The deployment script (`deploy.py`) provides several options:

```bash
python3.11 ./deploy.py -i # Initialize infrastructure
python3.11 ./deploy.py -p # Preview manifest or preliminary files with variable substitution
python3.11 ./deploy.py -f # Create Fleet-ready production files
python3.11 ./deploy.py # Deploy all services
python3.11 ./deploy.py # Deploy a specific manifest file
```

#### Initialize Infrastructure

#### Initialize Infrastructure

The first time you deploy, you'll need to initialize the infrastructure by deploying all manifests in the `preliminary` folder. Use the `-i` switch with the `deploy.py` script to do this:

```bash
./deploy.py -i
```

This will guide you through:
1. Creating Kubernetes secrets
2. Setting up MetalLB (if used)
3. Configuring storage
4. Installing Traefik
5. Setting up the Traefik dashboard (optional)

#### Preview Configuration
```bash
python3.11 ./deploy.py -p # Preview how variables will be substituted
```
This allows you to verify your configuration before deployment by showing how environment variables will be substituted in your YAML files.

#### Deploy Using Fleet
```bash
python3.11 ./deploy.py -f # For Fleet-managed deployments
```
This will process all manifests and push them to your Fleet repository.

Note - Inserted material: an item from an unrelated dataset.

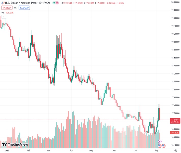 CIBC has lowered their predictions for the USDMXN exchange rate in Q3 and Q4 to 17.50 and 18.00, respectively.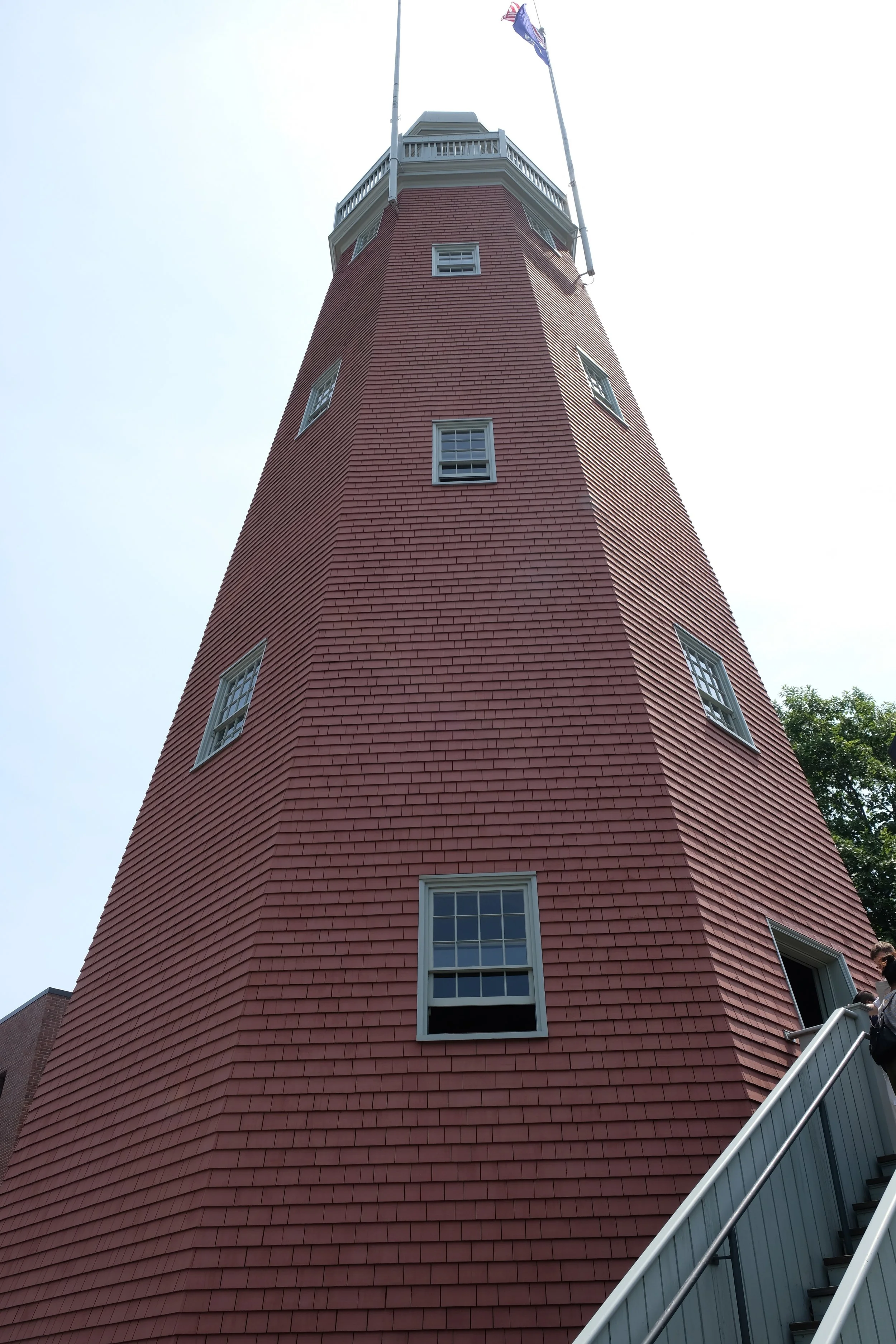 We finally made it to the Portland Observatory, a maritime signal tower built in 1807. To be clear, it’s not a lighthouse – it’s a signal tower to communicate with ships coming into the port. The tower is all wood, has no ac, and is 103 steps to the top. We waited a few minutes and then got a guided tour from a fairly large man with a white mustache who looked like he would be from Maine. It was so hot. It was a very informative tour and everyone else enjoyed, and Hallie was a little bit difficult during it. We made our way to the top, stopped on each of six levels to hear about the tower. At the top were very nice views of the whole city which I took in for a hole 30 seconds before having to go back downstairs with Hallie.

To configure Fleet, use the section in .env.example:

```bash
PRIVATE_REPO_URL=https://github.com/username/private-repo.git
GIT_USERNAME=your-username
GIT_TOKEN=your-personal-access-token
```

#### Direct Deployment

If you've cloned the repository within a server in the Kubernetes cluster, you can deploy the manifests directly using these commands (remember to initialize the infrastructure first).

```bash
python3.11 ./deploy.py # Deploy all manifest
python3.11 ./deploy.py manifests/0x-manifest.yaml # Deploy a specific service
```

## Troubleshooting

If you encounter issues during deployment:

1. Check the logs of the deployment script
2. Verify your environment variables in `.env`
3. Ensure all prerequisites are properly installed
4. Check your Kubernetes cluster's status and connectivity
5. Verify storage system accessibility

For more detailed troubleshooting, consult the Kubernetes and Fleet documentation.